Air strikes hit a hospital in a rebel-held area of Syria's Aleppo and killed at least 27 people, including three children and the city's last pediatrician, the Syrian Observatory for Human Rights said on Thursday.
Two other doctors were also among those killed, the Britain-based war monitor said.
The hospital was supported by the international medical organisation Médecins sans Frontières (MSF), who said on its Twitter account it was destroyed after being hit by a direct air strike.
At least 14 patients and staff, including at least three doctors, were killed, MSF said.
According to hospital staff on the ground, the hospital was destroyed by at least one airstrike which directly hit the building, reducing it to rubble, MSF said in a statement.
"MSF categorically condemns this outrageous targeting of yet another medical facility in Syria," said Muskilda Zancada, MSF head of mission, Syria. "This devastating attack has destroyed a vital hospital in Aleppo, and the main referral centre for paediatric care in the area. Where is the outrage among those with the power and obligation to stop this carnage?"
"Eight doctors and 28 nurses worked full time in the hospital, which was the main referral centre for paediatrics in Aleppo," MSF said.
Escalating violence in Aleppo is pushing people living there to the brink of a humanitarian disaster, the International Committee of the Red Cross (ICRC) said in Geneva.
"Wherever you are, you hear explosions of mortars, shelling and planes flying over," Valter Gros, who heads the ICRC office there, was quoted as saying in the statement.
"There is no neighborhood of the city that hasn’t been hit. People are living on the edge. Everyone here fears for their lives and nobody knows what is coming next," he said.
Aleppo has been the epicenter of a military escalation that has helped to undermine U.N.-led peace talks in recent weeks. A cessation of hostilities agreement has unraveled and fighting has resumed on numerous fronts in western Syria.
The Observatory said air strikes on rebel-held areas of Aleppo had killed 91 citizens in the past six days while rebel shelling of government-held areas had claimed 49 lives.
The ICRC said the intense battles raging in Aleppo had worsened the humanitarian plight of tens of thousands of residents in the city, which it described as one of the worst affected in five years of conflict.
The hospital that was destroyed had 34 beds hospital and offered services including an emergency room, obstetric care, an outpatients department, an inpatients department, an intensive care unit and an operating theatre, according to MSF.
In the hospital bombing, Bebars Mishal of the Civil Defence in Aleppo told Reuters that 40 people had been killed in a five-storey building next to the hospital.
A Syrian military source said government warplanes had not been used in areas where airstrikes were reported.
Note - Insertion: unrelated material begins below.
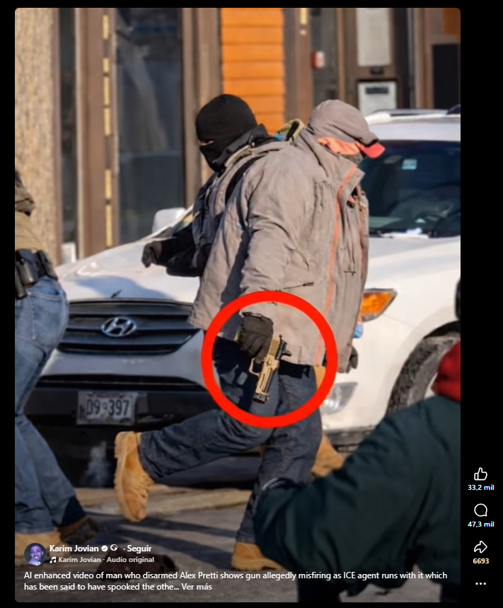No es el único contenido “mejorado con IA” que circula sobre los hechos: un vídeo que supuestamente muestra cómo el arma de Pretti se dispara en manos de un agente de chaqueta gris que se la quitó también ha sido editado con IA. Según la búsqueda inversa de Google, fue publicado originalmente por un usuario de Facebook que se define como “AI filmmaker” (director de cine con IA, en español), quién describió el vídeo como “mejorado con IA”.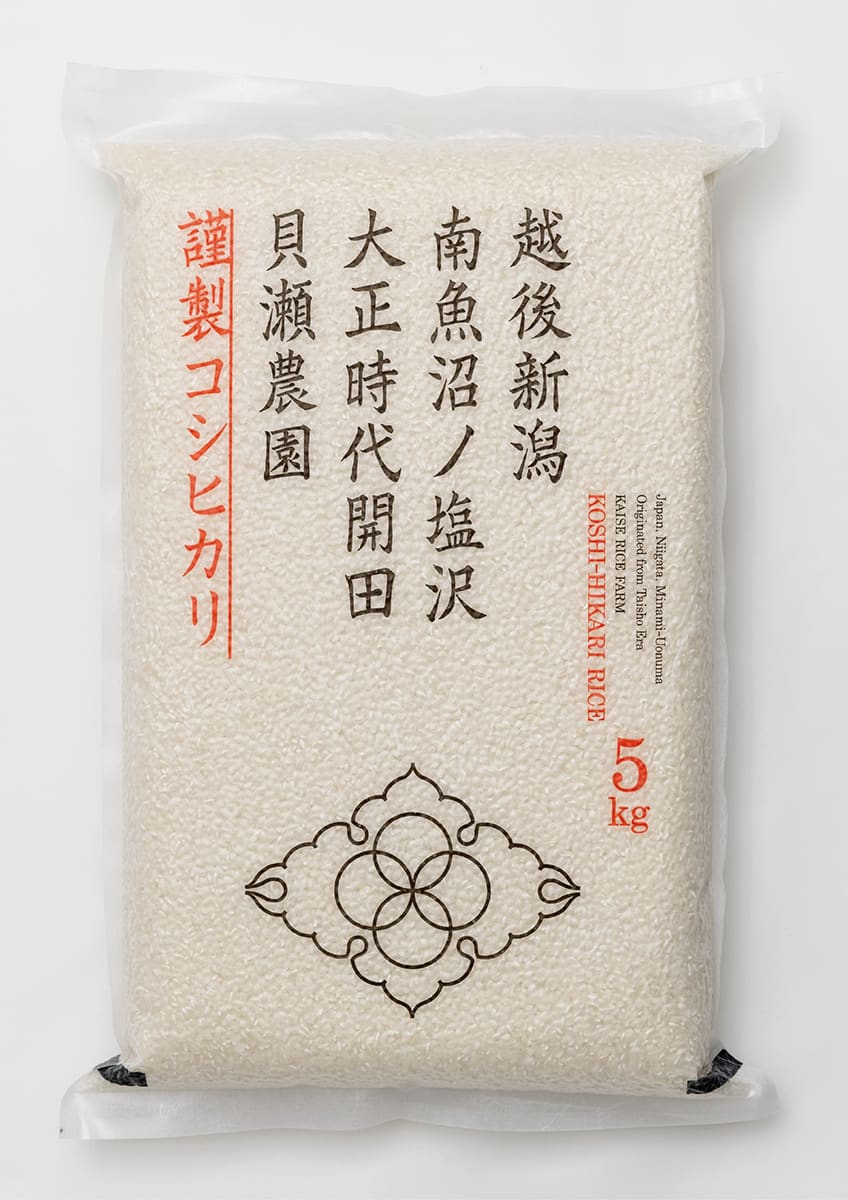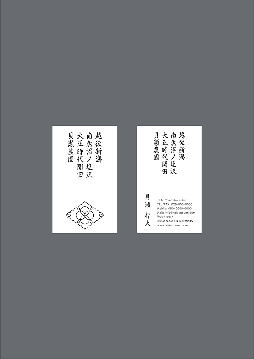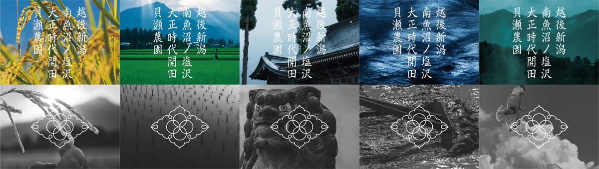 「越後新潟南魚沼ノ塩沢大正時代開田貝瀬農園」の米袋と名刺のデザイン

The Russian defense ministry, which is also conducting air strikes in Syria in support of President Bashar al-Assad, could not immediately be reached for comment. Russia has previously denied hitting civilian targets in Syria.
U.N. envoy Staffan de Mistura said on Thursday the cessation of hostilities agreement was "barely alive".
Peace talks he has convened in Geneva were undermined last week when the main opposition alliance walked out, citing ongoing violence and calling for proper implementation of a U.N. resolution requiring full humanitarian access to besieged areas.